Everyone keeps asking: "Won't better chips solve the power problem?" No. And here's why. Chip efficiency is improving. That's real. NVIDIA's chips improved performance per watt by about 20%. Liquid cooling is reducing energy waste. Better architecture is squeezing more compute out of every kilowatt. But here's what people miss: AI compute demand is growing faster than efficiency improvements. Much faster. I've seen forecasts where AI compute demand doubles every 3 months. And I believe it... Chip efficiency is improving maybe 20-30% per year. Do the math: If demand doubles every 3 months, that's 16x growth in a year. If efficiency improves 30% in a year, you're using 0.7x the power per computation. 16x demand × 0.7x efficiency = 11x more power needed. Efficiency helps. But it doesn't come close to keeping up. This is why Google is betting $40 billion on Texas transmission upgrades. This is why Microsoft is restarting Three Mile Island. This is why Anthropic is spending $50 billion on infrastructure. They've done the math. And the math says: chip efficiency buys you time, but it doesn't solve the problem. The only solution is more power infrastructure. A lot more. So when someone tells you "better chips will reduce power demand," they're technically right. But they're practically wrong. Because the demand curve is steeper than the efficiency curve. And that gap is the entire power infrastructure build-out for the next decade. If you're betting on chip efficiency to slow down power demand, you're going to lose. The hyperscalers aren't betting on it. They're building power infrastructure as fast as they can. That should tell you everything you need to know.
That 11x math really puts it in perspective. Makes you wonder how tech professionals should be weighing power infrastructure access when evaluating companies to work for, since that gap is going to separate who can actually compete in AI versus who's just claiming they will.
16x demand versus 0.7x efficiency is honestly brutal math. We're optimizing the car while the highway is on fire.

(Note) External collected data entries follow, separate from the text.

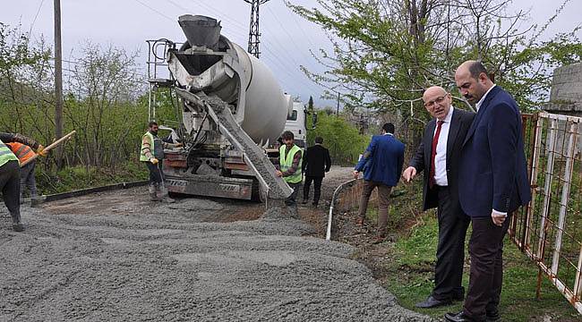 Hüseyinmescit mahallesindeki beton yol çalışmalarında incelemelerde bulundu.
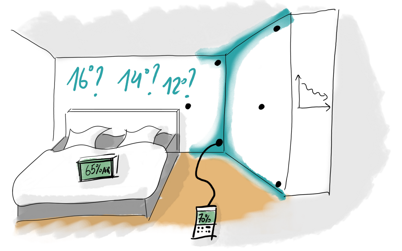 Humidité relative de \(90\ \%\), température ambiante de \(23\ \mathrm{^\circ C}\), mur à \(16\ \mathrm{^\circ C}\).
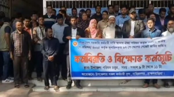খ,ম,জায়েদ হোসেন,নাসিরনগর (ব্রাহ্মণবাড়ীয়া) প্রতিনিধিঃ বৈষম্যহীন ৯ম পে স্কেল বাস্তবায়নসহ বিভিন্ন দাবিতে ব্রাহ্মণবাড়িয়া জেলার নাসিরনগর উপজেলায় কর্মবিরতি ও বিক্ষোভ কর্মসূচি পালন করেছেন সরকারি কর্মচারীরা। মঙ্গলবার ৩ ফেব্রুয়ারি সকালে নাসিরনগর উপজেলা কল্যাণ ফেডারেশন শাখার
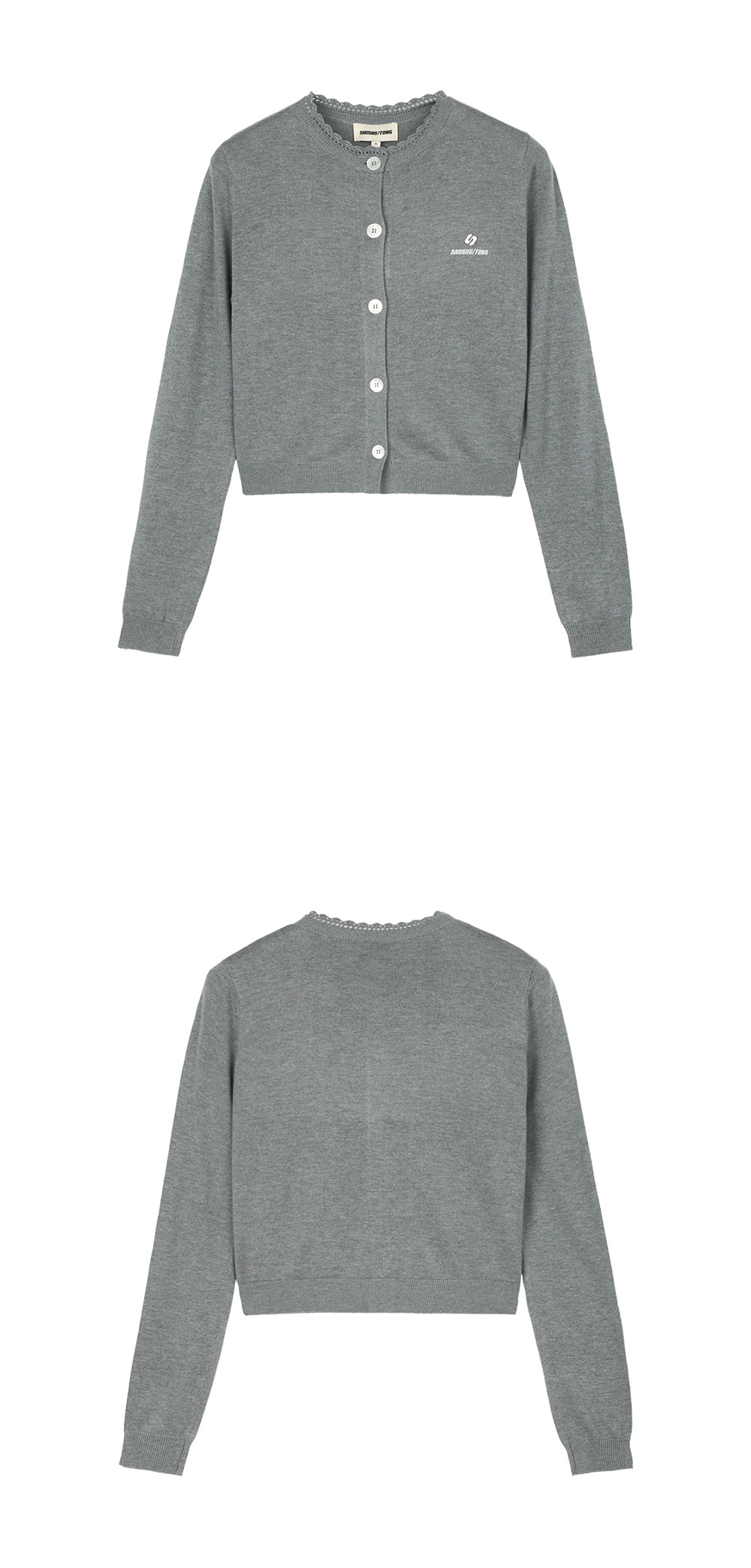 슈슈통 우먼 로고 스티치 니트 가디건 그레이 - 25SS

The efficiency trap is so seductive because it feels like something you can control and optimize. Meanwhile the actual constraint is sitting there screaming at you, but nobody wants to look at it because the infrastructure build is messy, slow, and unsexy.
So basically the companies moving slowest on infrastructure are already out of the race. Who can actually afford to keep up with that demand curve besides the hyperscalers?
This is Jevons' Paradox in real-time, Ryne Ogren. The real insight here: efficiency gains don't reduce absolute power consumption when they make a technology economically accessible to exponentially more use cases. Every efficiency breakthrough unlocks new applications, new workloads, new demand.